As mentioned, equilibrium states are established by thermodynamically optimal mechanisms, which could include markers otherwise associated with pathology. Nevertheless, those may reflect equilibrium states still compatible with maintenance of integrity. In that context, biopsy-detectable indicators of continuing alloreactivity despite clinically evident operational tolerance may not be surprising or a sign of rejection. Therefore, routine biopsy to assess the state of a transplant may not be as useful/informative, particularly considering the risk that may carry. Perhaps looking for peripheral blood markers of innate activation reflective of the transplant-related resetting processes (and indicators of potentially significant disturbance leading to activation of adaptive reactions) may constitute a better warning system of possible rejection. As each patient’s immune states are expected to be unique, personalized pre- and posttransplant “baselines” for future follow-up may need to be established. For that purpose, identifying the parameters most indicative of pretransplant immunological setting/background (may be influenced by gender, age, genetics etc.; ref. 1) and the posttransplant states may require multifactorial profiling/analyses of many patients.

While the “self-obsession” and self-awareness hint at basic requirements, what exactly constitutes the homeostatic signaling that gives a sense of home for lymphocyte/APC populations (and thus may create a refuge for donor cells that results in engraftment) is unknown [10]. As liver can be a home and a source of donor’s TAPCs, perhaps an organ transplant with adjacent lymph nodes or lymphoid tissue could provide similar homing sites and a source of transplant-preserving donor TAPCs for maintenance of a stable mixed chimerism.

2.3. Concluding Remarks regarding Transplantation

Under appropriate conditions, immune interactions may result in acceptance of an allotransplant and persistence/maintenance of integrity of a chimeric organism. Having in mind that stochasticity and chaotic behavior govern the function of living systems, iatrogenic elimination of particular segments of those processes may not be a good strategy to achieve better outcomes. Instead, supporting the living system’s resetting mechanisms and directing them toward outcomes that would be less detrimental for system’s integrity may be a more productive strategy. These issues may be of particular interest for approaches to modulate early posttransplant resetting processes. The goal would be to skew those initial “raw state” processes toward equilibrium states conducive to better clinical outcomes instead of allowing the system to take a direct “shortcut” toward acute situation-appropriate equilibrium states that may associate with unacceptable pathology, rejection, or loss of integrity/death [18].

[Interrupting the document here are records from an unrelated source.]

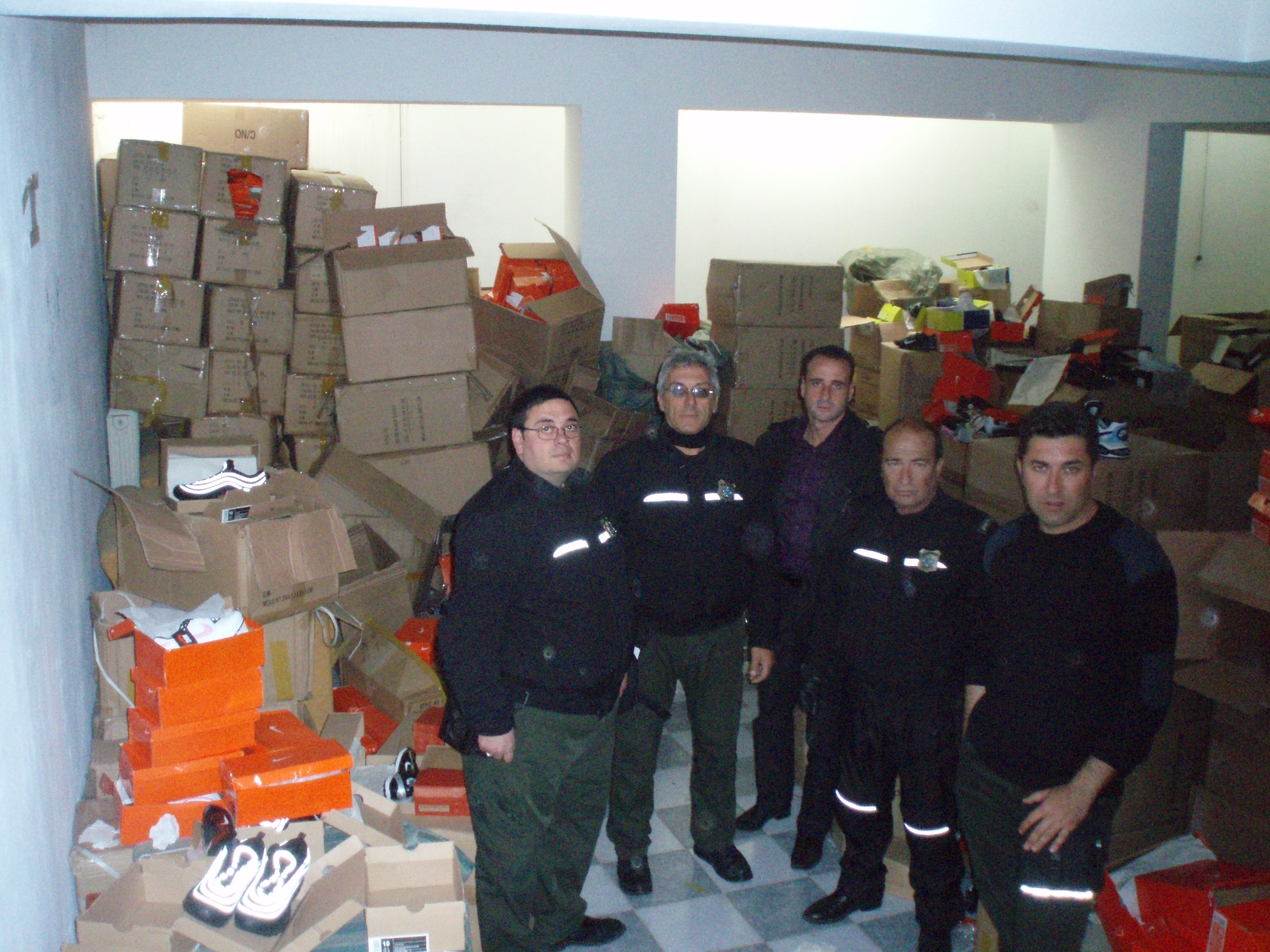 Μικτά κλιμάκια της Ελληνικής Αστυνομίας, της Δημοτικής Αστυνομίας Περιστερίου και του Σώματος Δίωξης Οικονομικού Εγκλήματος (Σ.Δ.Ο.Ε.) εντόπισαν στην οδό Σκρα 18 στο Περιστέρι, σε υπόγειο χώρο 250 τετραγωνικών μέτρων, αποθήκη με περισσότερα από 10.000 παπούτσια (απομιμήσεις γνωστών αθλητικών εταιριών).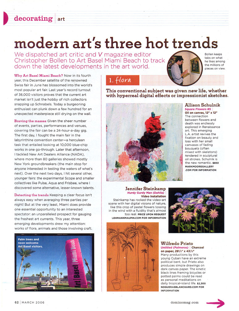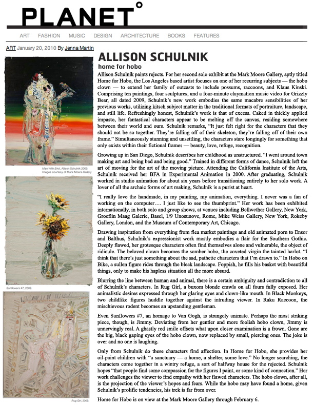 Solo exhibitions include the Wadsworth Atheneum Museum of Art, Hartford, CT; Laguna Art Museum, Laguna Beach, CA; Oklahoma City Museum of Art, OK; Nerman Museum of Contemporary Art, Overland Park, KS; Mark Moore Gallery, Los Angeles; ZieherSmith, New York, NY; and Galeria Javier Lopez & Fer Frances, Madrid. Schulnik's work is in the public collections of the Los Angeles County Museum of Art; Museum of Contemporary Art San Diego; Santa Barbara Art Museum; Museé de Beaux Arts (Montreal); Laguna Art Museum; The Crocker Art Museum; Wadsworth Atheneum Museum of Art; and The Albright-Knox Gallery; Marjorie Barrick Museum (University of Nevada Las Vegas)- to name but a few. She lives and works in Sky Valley, CA.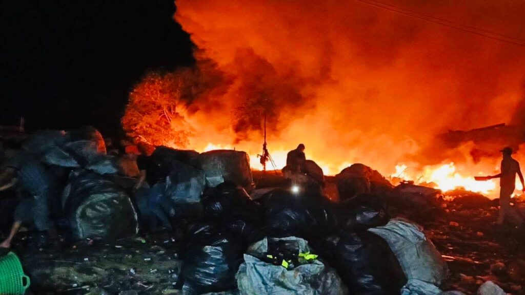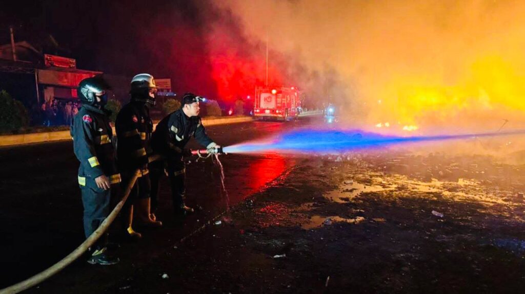 ភ្នំពេញ ៖ ទីតាំងទិញលក់អេតចាយមួយកន្លែងត្រូវបានអគ្គិភ័យឆាបឆេះសន្ធោសន្ធៅ ដោយសារឆ្លងចរន្តអគ្គសនី បង្កឱ្យភ្ញាក់ផ្អើល កាលពីវេលាម៉ោង២និង៣០នាទីរំលងអធ្រាត្រចូលថ្ងៃទី២៤ ខែធ្នូ ឆ្នាំ២០២៥ ស្ថិតនៅតាមផ្លូវ៥០ម៉ែត្រ ក្នុងភូមិបាគូ សង្កាត់ដង្កោ ខណ្ឌដង្កោ រាជធានីភ្នំពេញ។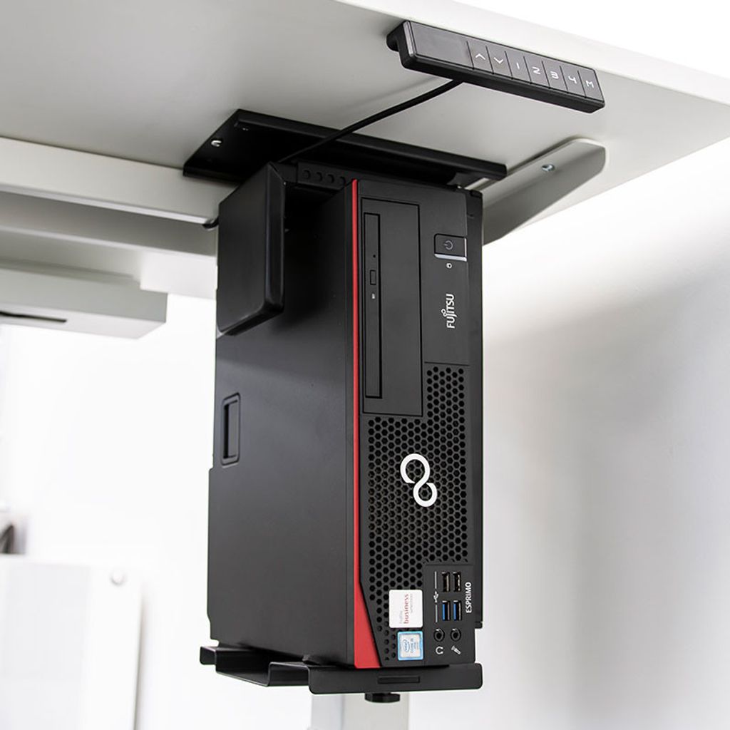 Stativet har en modern design med raka linjer vilket gör att skrivbordet passar in i alla typer av kontorslokaler. Bordsstativet är uppbyggt med 2-delade rektangulära ben som har pulverlackerats. Lyftkapaciteten ligger på 70 kg vilket gör att användaren utan problem får plats med 2-3 skärmar, dockstation, dokument mm. Stativet finns i färgerna vit, svart och silvergrå.

The proposed self-centered function of conventional T/B cells represents an upper-tier regulatory mechanism that is engaged only under circumstances that require channeling innate responses toward maintenance of living system’s integrity. Therefore, a diverse repertoire of T/B cells and MHC-matching APCs to regulate interactions and resetting processes of both entities in the newly created chimeric living system may be essential. That means that preserving adaptive repertoire of both the recipient and the donor may be necessary to acquire an immunosuppression-free operational tolerance. In that context, donor-specific antibodies may be a part of those regulatory processes and not necessarily an indicator of rejection. Indeed, while donor-specific anti-human leukocyte antigen (HLA) antibodies may associate with graft loss, they do not reliably predict allograft rejection [17]. Unlike with T cells (whose repertoire is limited by thymus involution), the B cell repertoire continues to be replenished throughout one’s life, which makes them a more “adaptable” element of regulatory processes and tolerance. Also, antibodies, regardless of origin, may bind both donor’s and recipient’s epitopes and thus contribute to the regulation of immune responses.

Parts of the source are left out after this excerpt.